Majelis berpendapat, Andri telah terbukti secara sah dan meyakinkan, melakukan tindak pidana korupsi secara bersama-sama sebagaimana didakwakan dalam dakwaan kesatu primer dan dakwaan kedua.

Dalam dakwaan pertama, Andri disebut telah menerima suap sebesar Rp 400 juta dari Ichsan Suaidi melalui pengacaranya, Awang Lazuardi Embat. Uang tersebut diberikan agar Andri mengusahakan penundaan pengiriman salinan putusan kasasi atas nama Ichsan Suaidi, dalam perkara korupsi proyek pembangunan Pelabuhan Labuhan Haji di Lombok Timur.

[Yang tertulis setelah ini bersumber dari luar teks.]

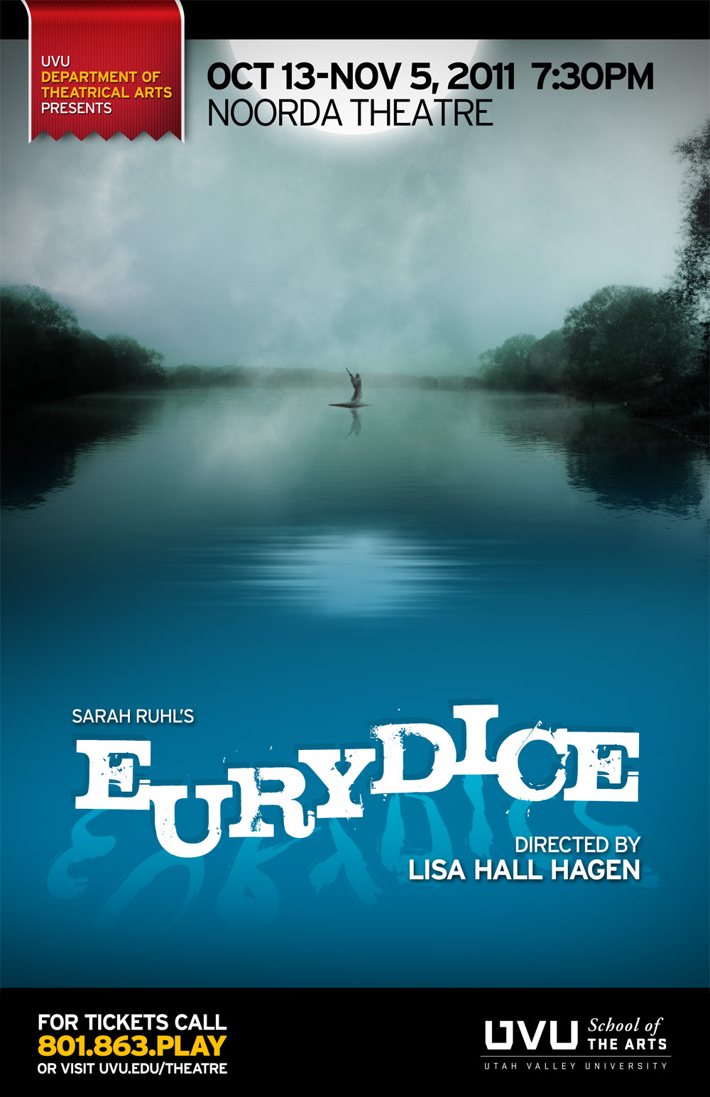 The story of Orpheus and Eurydice, the tragic Greek lovers, follows Orpheus on his quest to retrieve Eurydice from the Underworld. The poster design features the lone Orpheus traveling across a river in the moonlight, heading toward the Underworld. The logo design incorporated a bit of word play, portraying the steps between the letters "U" and "I", or you and I, the path between Eurydice in the Underworld and Orpheus on the surface.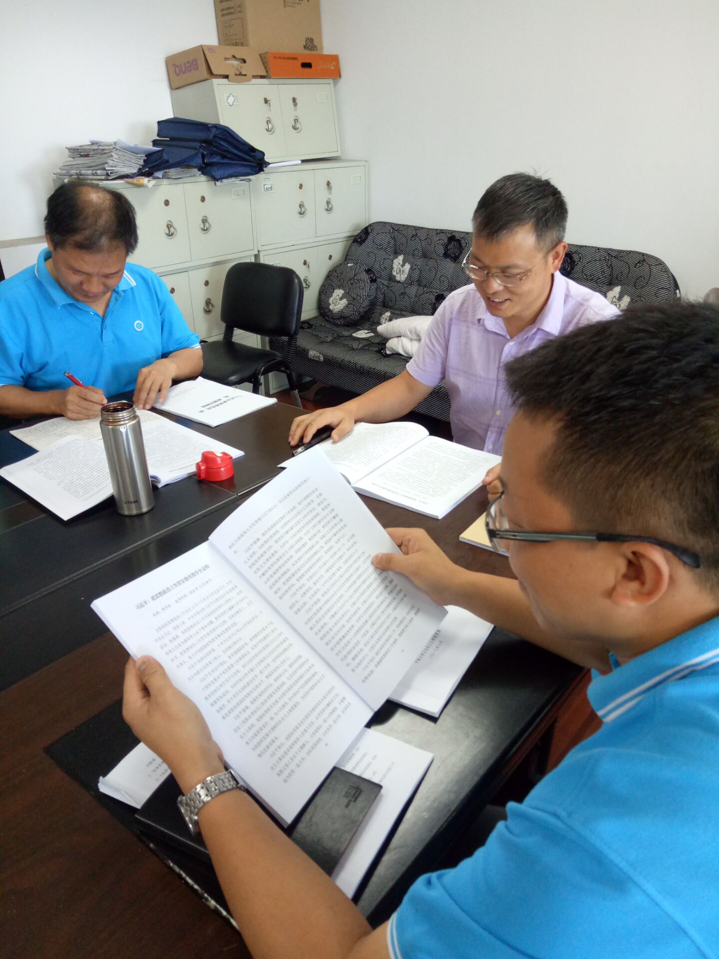 紧接着,是全体教师学习第四十四期学习资料和互相交流阶段。每位老师都进行了热烈的交流讨论,分享了自己的心得体会,加深了对于思想政治工作和意识形态问题的深刻理解。一致认为,为贯彻习近平总书记系列重要讲话的精神,把意识形态工作放在首要位置,要不断加强对习近平总书记系列重要讲话的学习,用高度的责任感“担马列大道,育时代英才”,不断加强我院的马克思主义理论研究的学术渗透力和影响力,不断巩固和夯实马克思主义思想的指导地位。

Ini terbukti setelaj dalam persidangan diketahui, Andri pernah menghubungi Kosidah melalul Blackberry Messenger (BBM) menanyakan nomor putusan kasasi perkara atas nama Ichsan. Terdakwa juga menanyakan biaya penundaan pengiriman putusan perkaranya.

Setelah mendapat kepastian dari Kosidah, Terdakwa berkomunikasi dengan Awang untuk menyampaikan bahwa salinan putusan perkara kasasi atas nama Ichsan belum dlkirim. Awang kemudian meminta dilakukan pertemuan di Jakarta guna membahas teknis hukum dan non teknisnya.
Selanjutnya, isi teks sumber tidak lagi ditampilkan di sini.